DONNA LEON FLÜCHTIGES BEGEHREN

Unsere Buchvorstellung in der 8. Kalenderwoche 2022

Leon, Donna:
Flüchtiges Begehren. Commissario Brunettis 30. Fall. Roman; aus dem Amerikanischen von Werner Schmitz
Zürich: Diogenes 2021; 314 S.
(ISBN: 978-3-257-07120-7)

Auf dem Steg vor dem Hospital wurden zwei junge verletzte und ohnmächtige Amerikanerinnen gefunden, die von zwei jungen Männern in einem Boot dort abgelegt wurden. Bei einer Bootstour rammte ihr Boot einen Pfahl, der sich aus dem Untergrund gelöst hatte. Doch warum sind die Männer einfach verschwunden, warum haben sie nicht den Notdienst alarmiert? Die „Täter“ sind schnell gefunden und ihre Aussagen sind glaubwürdig, doch Commissario Brunetti wittert mehr hinter der an sich trivialen Geschichte und beginnt zu ermitteln.
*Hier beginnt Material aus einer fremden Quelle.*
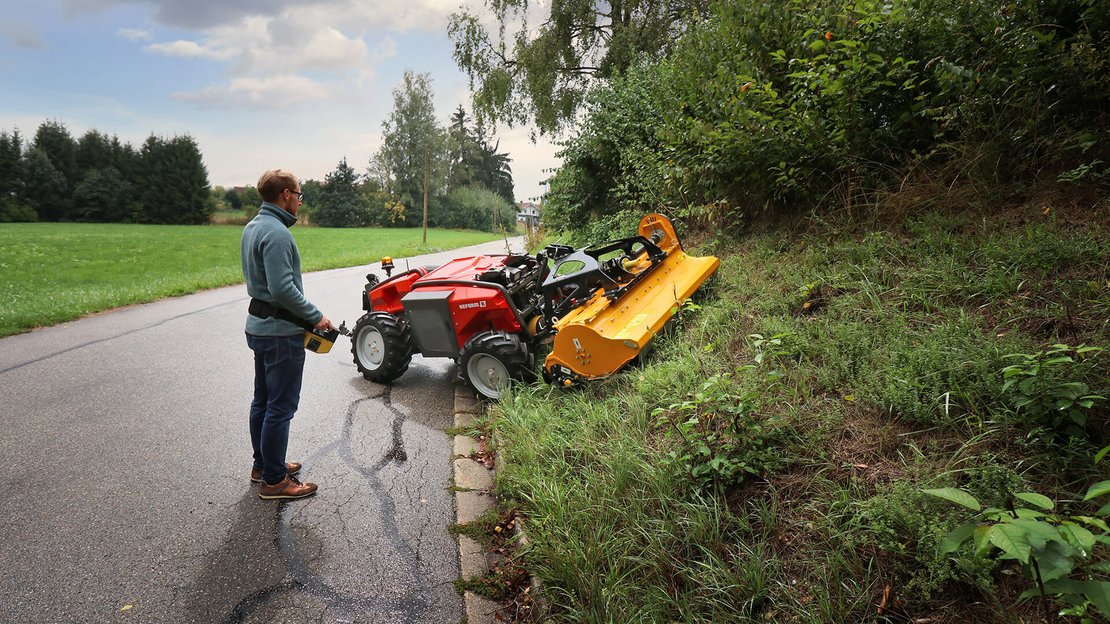 Aber nicht nur am Hang spielt der Metron P48 RC seine Stärken aus. Dank des Standard-Hubwerks Kat.I und der mechanischen Hybrid-Zapfwelle lassen sich alle gängigen Anbaugeräte betreiben. So können verschiedensten Anbaugeräte, wie Schlegelmulcher, Sichelmäher, Schneefräsen, Schneepflug, Kehrbesen und vieles mehr einfach angebaut werden. Mit seinen kompakten Abmessungen und dem Eigengewicht von ca. 1.000 kg, lässt er sich leicht transportieren und kommt auch in engen Verhältnissen sehr gut zu recht.

Dabei kommt er einem üblen Menschenhandel auf die Schliche und ruht nicht eher, bevor die Schuldigen gefasst sind. - Wie immer erweist sich Donna Leon als gut informierte Einwohnerin Venedigs, die genau weiß, wie die Einwohner und ihre Behörden arbeiten und ticken. Die kleinen italienischen Schlampereien des Dolce Vita sind genau so charmant wie das Flair der alten Palazzi, der Brücken und Plätze. Die Autorin beschreibt auch die Schattenseiten des alltäglichen Lebens in einer der schönsten Städte.